Proxy voting advisers Glass Lewis and Institutional Shareholder Services (ISS) have suggested Ritchie Bros. Auctioneers shareholders vote down the proposed acquisition of U.S. auto retailer IAA, a $6-billion merger that has pitted activist investors against each other.
In a report viewed by Insightia, Glass Lewis was skeptical that the combined company could deliver the projected synergies and said the transaction may ‘‘ultimately destroy value’’ for existing Ritchie Bros. shareholders, adding that the company remaining independent could be ‘‘the better risk-adjusted’’ scenario for those investors.
ISS raised similar concerns about the deal, saying in a note reviewed by Insightia that Ritchie Bros.’ “strong standalone prospects, proven over a period of time through robust performance, offer a better understood and verified path to shareholder value creation.”
IAA’s stock fell 7% Monday to $38.32, more than $6 below the cash-and-stock takeover offer.
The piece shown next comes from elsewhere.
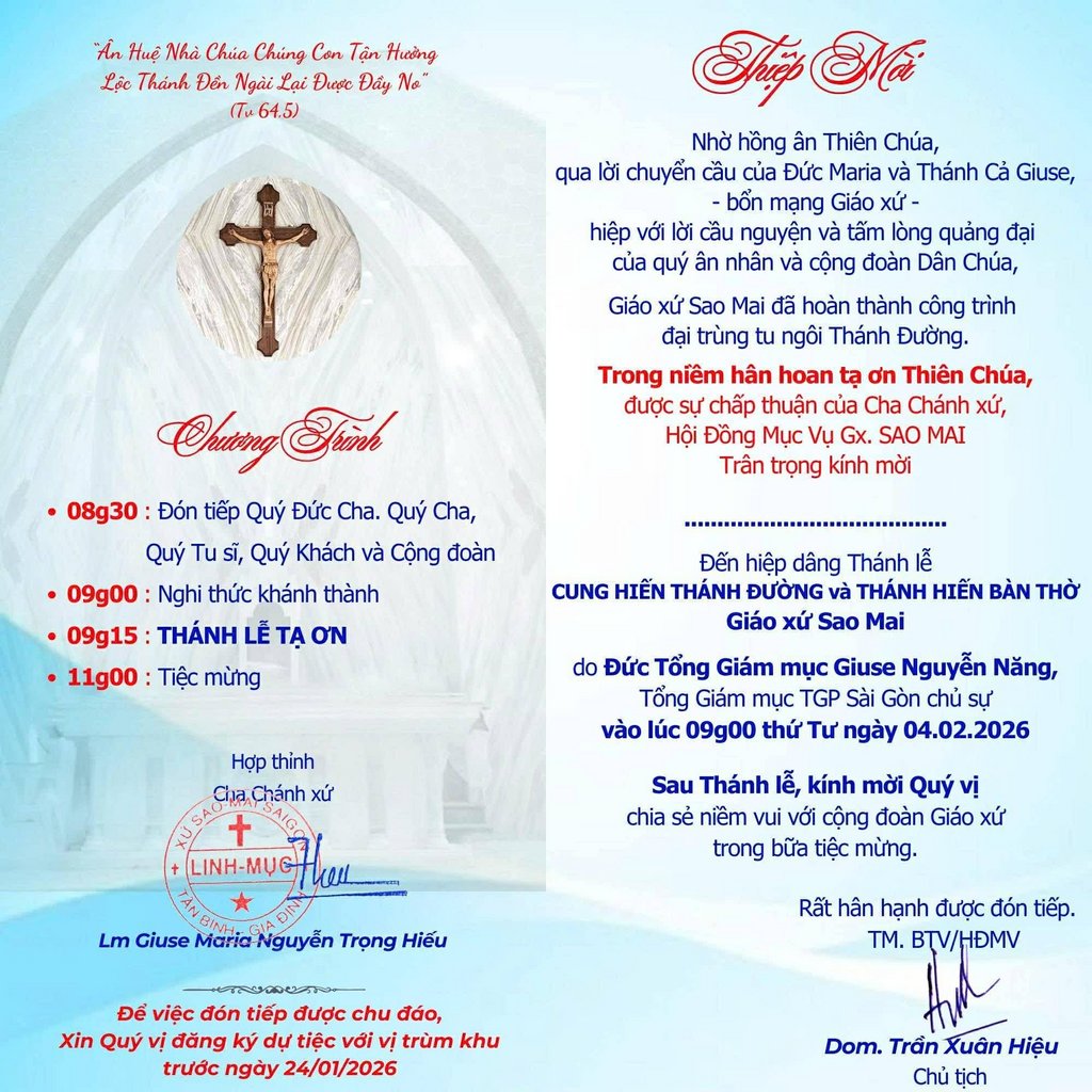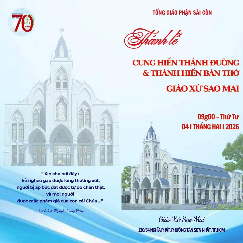 THÔNG BÁOThông Báo – Giáo Xứ Sao Mai, Hạt Chí Hòa, TGP. Sài Gòn : Thánh Lễ Cung Hiến Thánh Đường và Thánh Hiến Bàn Thờ (9h00 Thứ tư Ngày 04.02.2026) Đăng vào Tháng 2 4, 2026 bởi Nguyễn Quang Ngọc 04 Th2 Nguyễn Quang Ngọc Giáo Xứ Tân Thái Sơn, Hạt Tân Sơn Nhì, TGP. Sài Gòn : Chương Trình, Phụng Vụ Tết Bính Ngọ 2026 (05/02/2026 – THỨ NĂM TUẦN 4 THƯỜNG NIÊN) KHÔNG ĐƯỢC MANG GÌ

Ritchie Bros. shares closed up 3.1%.
Ritchie Bros. was quick to react to the verdicts, saying in a statement Monday that the combination ‘‘is expected to unlock substantial additional value that neither Ritchie Bros. nor IAA could achieve on its own, and we are confident in our ability to realize it.’’ The Candian company sees between $350 million and $900 million in total adjusted EBITDA growth opportunities in the deal.
The voting recommendations from Glass Lewis and ISS are a boon for Luxor Capital and other investors pushing against the deal, which is slated for a vote on March 14. Eminence Capital, Deep Field Asset Management, and asset manager Janus Henderson are also opposing the merger while activist firm Ancora Advisors, Independent Franchise Partners, and Eagle Asset Management are among its backers.
In a statement Monday afternoon, Ritchie Bros. 4.2% holder Luxor said the Glass Lewis and ISS reports are a ”clear rebuke” of the strategic rationale of the merger, adding that it now expects investors to ”overwhelmingly” vote against the ”flawed and ill-advised” tie-up.
Ancora, a 4% shareholder in IAA, recently took a small stake in Ritchie Bros. and issued several materials slamming Luxor and accusing the rival activist of trying to derail the deal to make a profit from an alleged short position in IAA.
Starboard Value joined the fray in January with a $500-million investment deal with Ritchie Bros. that some investors including Luxor called out for shortchanging the Canadian company’s shareholders. In its note, ISS said there are “lingering questions” about the Starboard deal.